> [Activity]: Each line of the data below goes into the copy exactly; pictures do not.

> [Recorded data]:
* * * * * * * * *
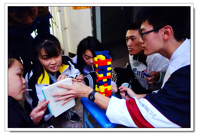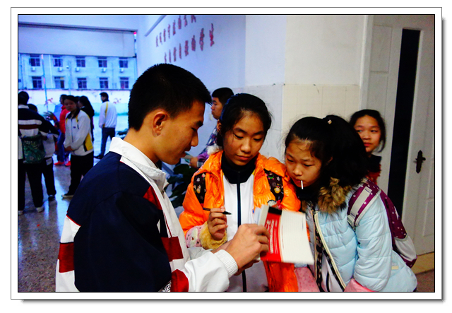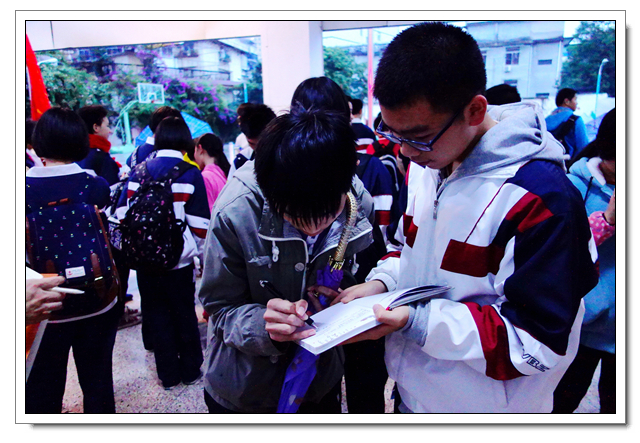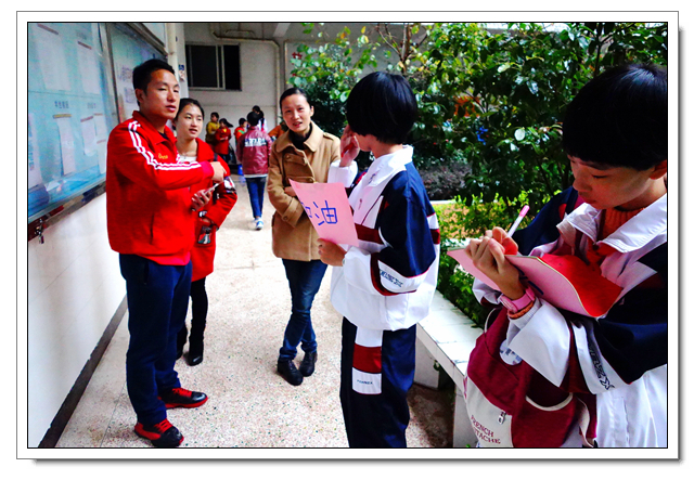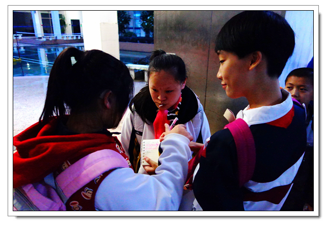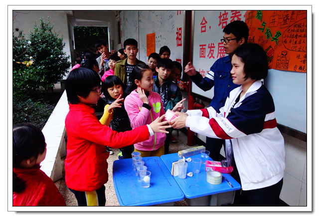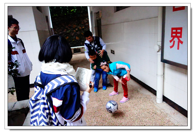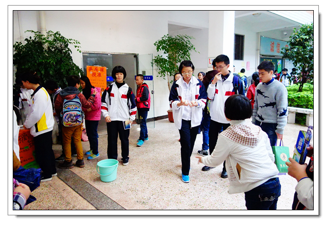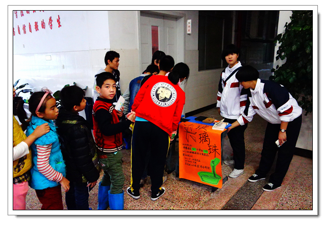 这是文博学生第六年到这里开展爱心活动,志愿者们向孩子们赠送了笔、画纸洗发水、牙膏等小礼物,孩子们见到了文博中学的学生都十分开心,都热情地上前拥抱问好。即使空中雨落纷纷,但也不影响同学们活动的热情, “乒乓球投准”、“纸飞机远航”、“弹珠转移”小游戏持续进行中,一个多小时笑语声绵绵不断。沟通交流上有一些小小困难,志愿者们用事先准备好的纸笔开心地交流着。时间飞逝,爱心在传递,温暖源源不断,友谊的桥梁亦然建起!
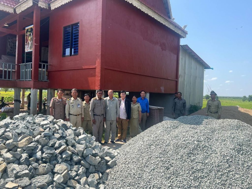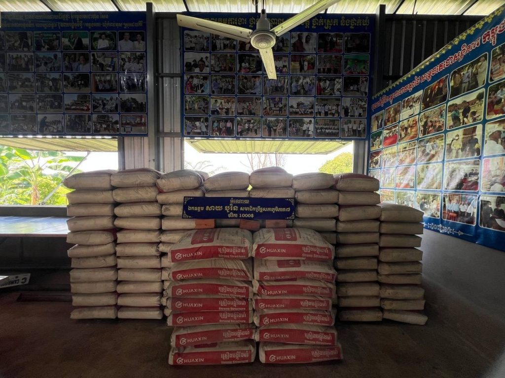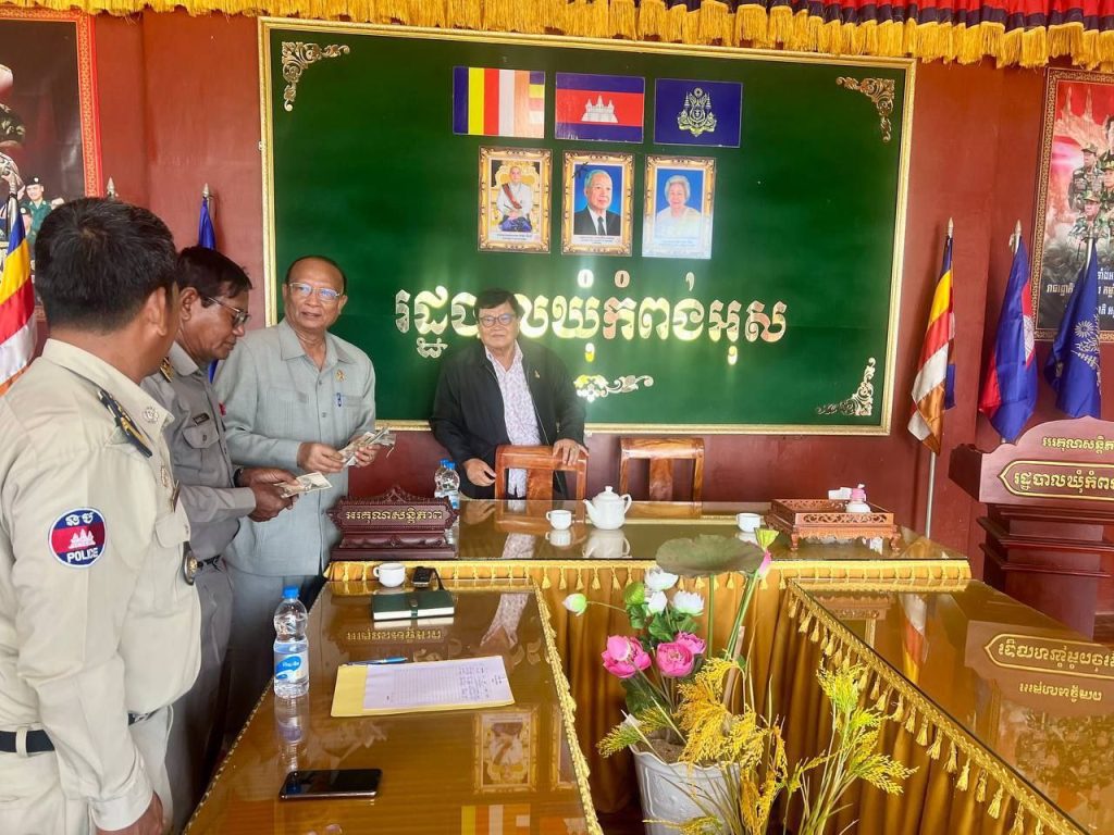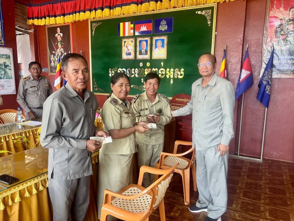 ក្នុងឱកាសនោះដែរ ឯកឧត្តម អ៊ឹង លាងហ៊ួ បានជូនក្រមាមួយចំនួន និងឯកឧត្តម សាយ បូរិន បានឧបត្ថម្ភថវិកាមួយចំនួនជូនក្រុមប្រឹក្សាឃុំ ស្មៀនឃុំ ប៉ុស្តិ៍រដ្ឋបាលឃុំ ភូមិ និងព្រមទាំងបានថតរូបភាពអនុស្សាវរីយ៍ ប្រគល់ ទទួល ស៊ីម៉ង់៥តោន ខ្សាច់២០ម៉ែត្រគីប និងថ្ម២០ម៉ែត្រគីប សរុបថវិកា ១,០០០ដុល្លារ ជាការឧបត្ថមរបស់ឯកឧត្តម សាយ បូរិន សម្រាប់ចាក់សាបក្រោមសាលាឃុំផងដែរ។
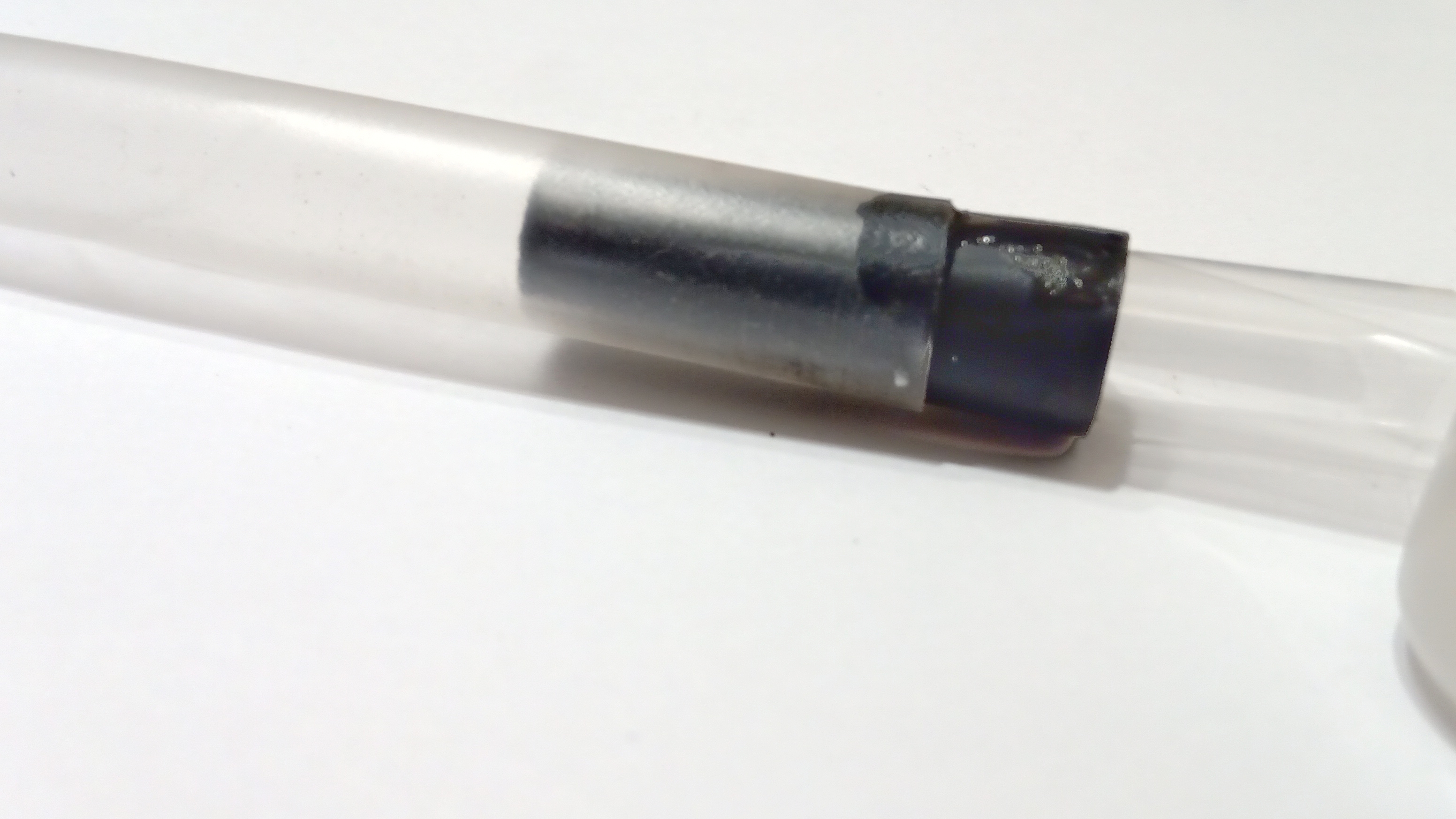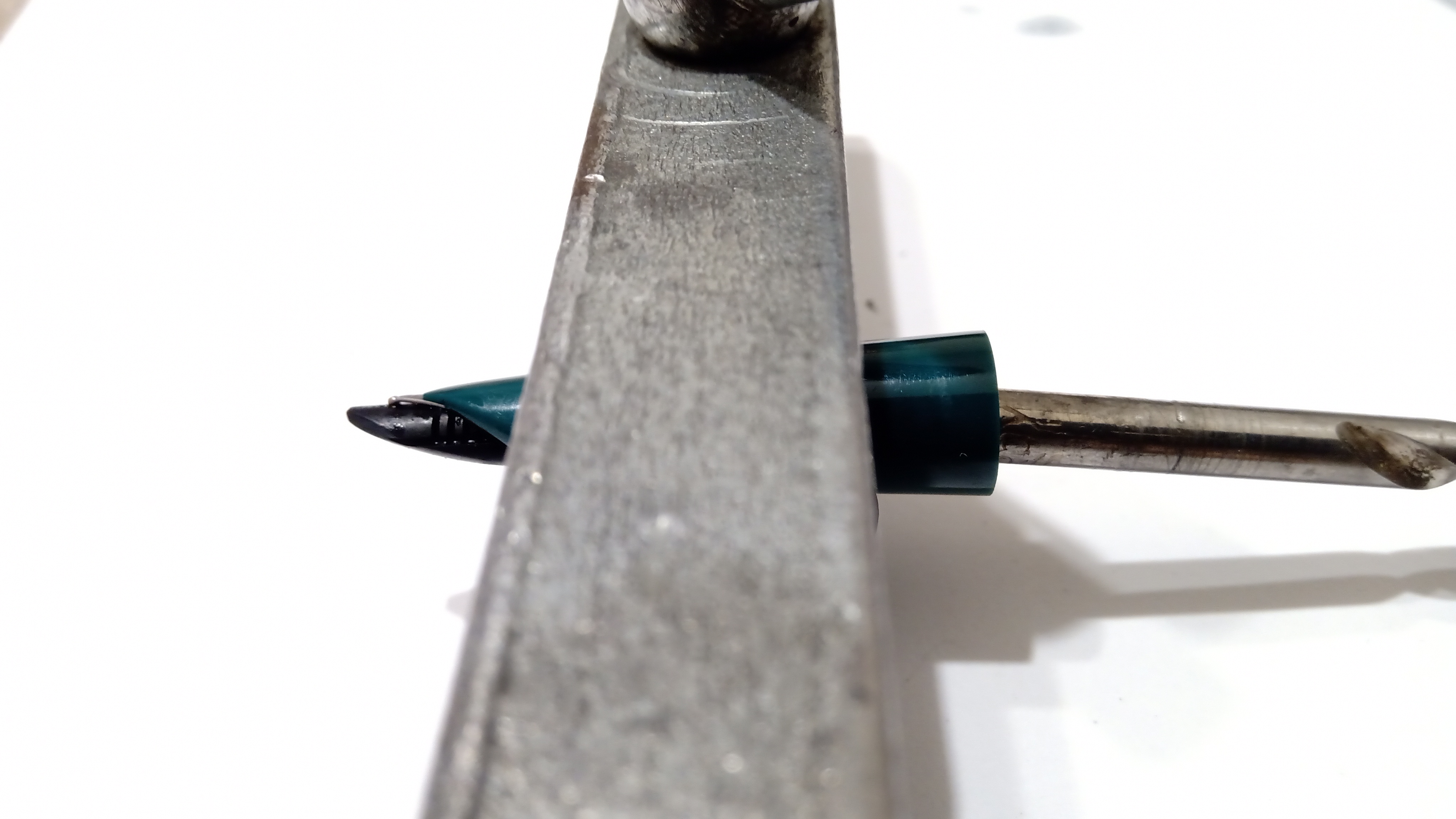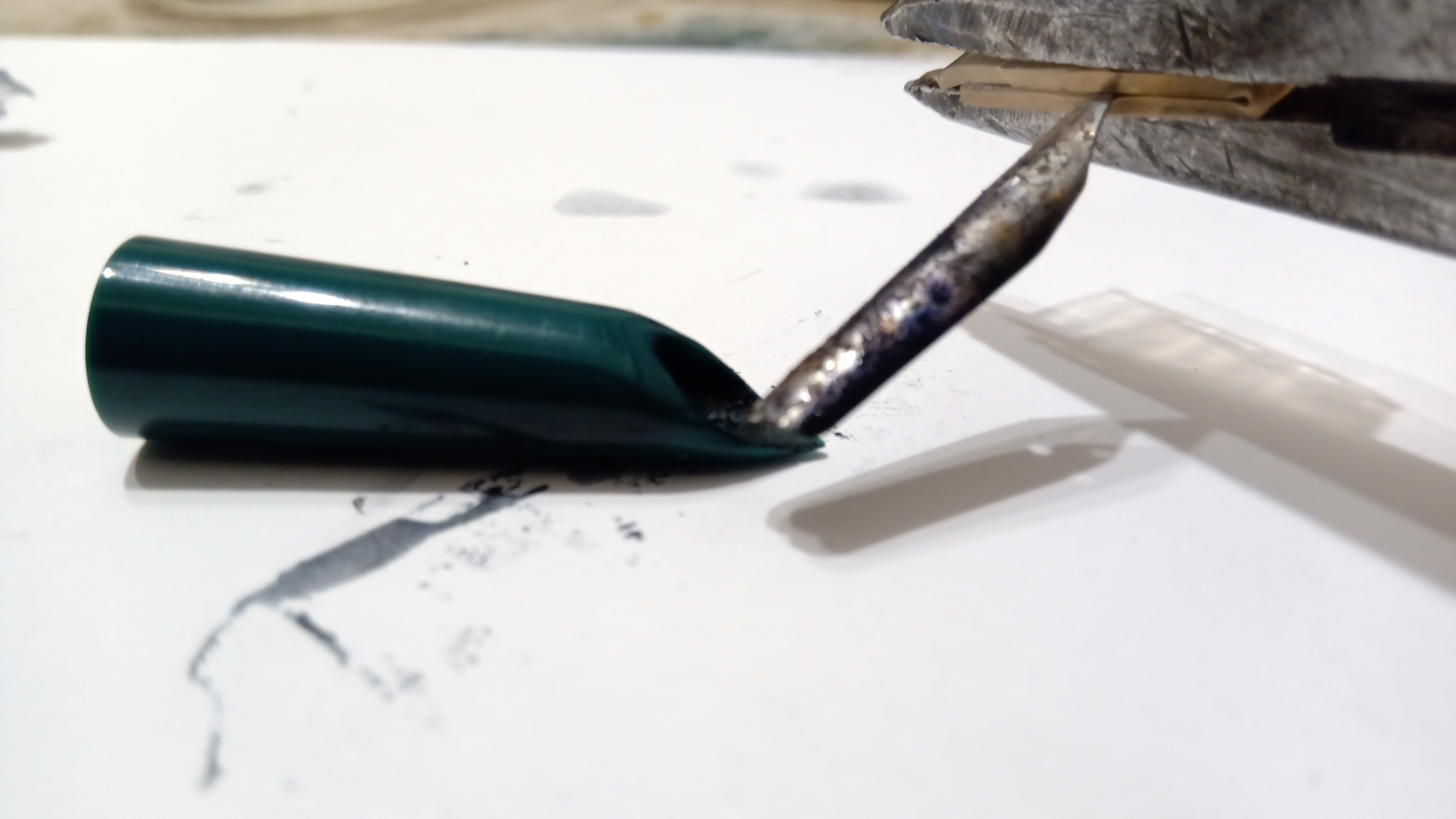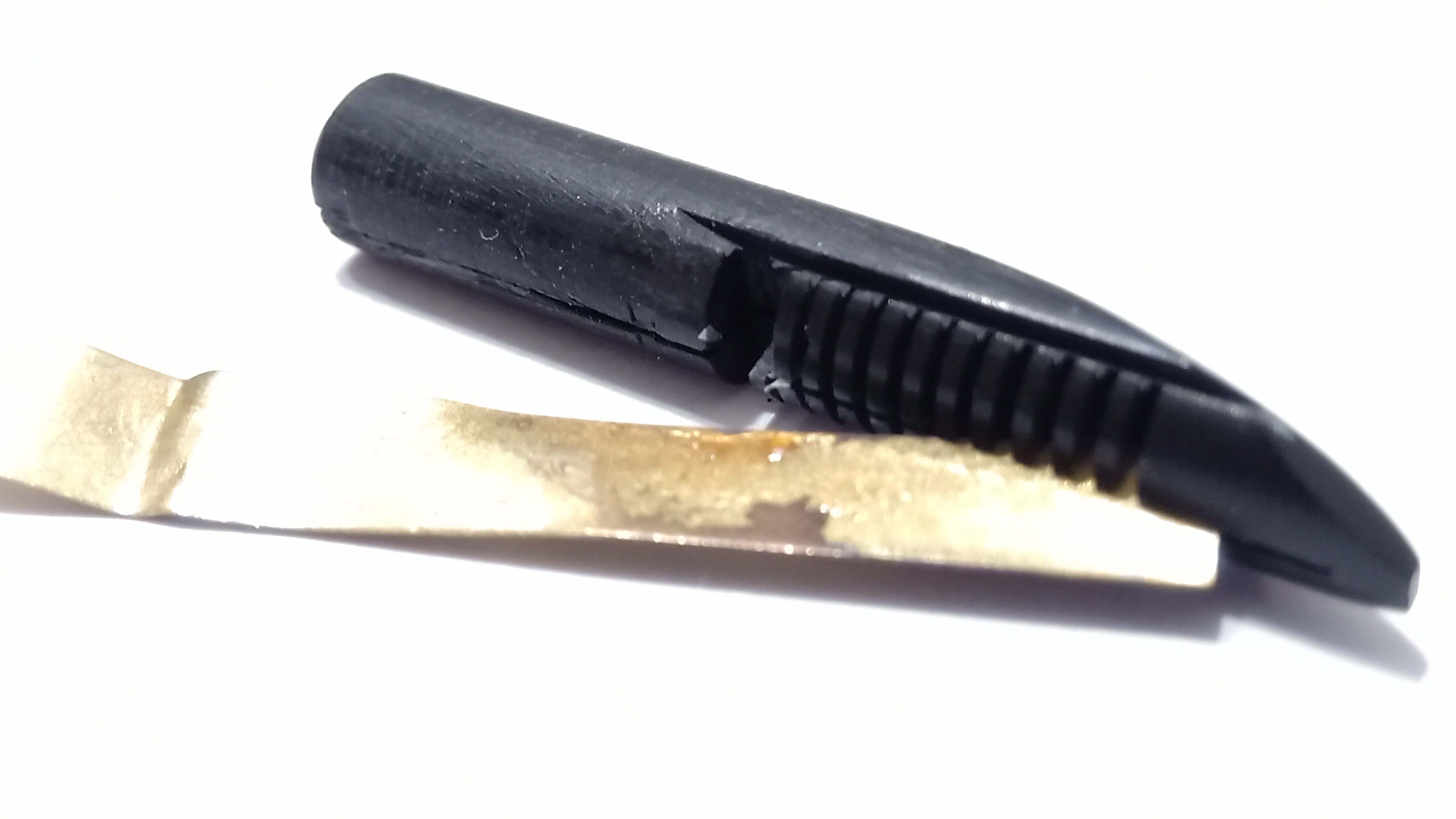 Per estrarre il pennino, che era ancora attaccato all'acrilico della parete interna dell'impugnatura, ho dovuto fissarne la punta con due pezzi di PVC, notando che era completamente corroso, come se fosse stato attaccato da un acido (o un alcali, superchrome?)...
* * * * * * * * *
> [Reply]:
 这是文博学生第六年到这里开展爱心活动,志愿者们向孩子们赠送了笔、画纸洗发水、牙膏等小礼物,孩子们见到了文博中学的学生都十分开心,都热情地上前拥抱问好。即使空中雨落纷纷,但也不影响同学们活动的热情, “乒乓球投准”、“纸飞机远航”、“弹珠转移”小游戏持续进行中,一个多小时笑语声绵绵不断。沟通交流上有一些小小困难,志愿者们用事先准备好的纸笔开心地交流着。时间飞逝,爱心在传递,温暖源源不断,友谊的桥梁亦然建起!
 ក្នុងឱកាសនោះដែរ ឯកឧត្តម អ៊ឹង លាងហ៊ួ បានជូនក្រមាមួយចំនួន និងឯកឧត្តម សាយ បូរិន បានឧបត្ថម្ភថវិកាមួយចំនួនជូនក្រុមប្រឹក្សាឃុំ ស្មៀនឃុំ ប៉ុស្តិ៍រដ្ឋបាលឃុំ ភូមិ និងព្រមទាំងបានថតរូបភាពអនុស្សាវរីយ៍ ប្រគល់ ទទួល ស៊ីម៉ង់៥តោន ខ្សាច់២០ម៉ែត្រគីប និងថ្ម២០ម៉ែត្រគីប សរុបថវិកា ១,០០០ដុល្លារ ជាការឧបត្ថមរបស់ឯកឧត្តម សាយ បូរិន សម្រាប់ចាក់សាបក្រោមសាលាឃុំផងដែរ។
 Per estrarre il pennino, che era ancora attaccato all'acrilico della parete interna dell'impugnatura, ho dovuto fissarne la punta con due pezzi di PVC, notando che era completamente corroso, come se fosse stato attaccato da un acido (o un alcali, superchrome?)...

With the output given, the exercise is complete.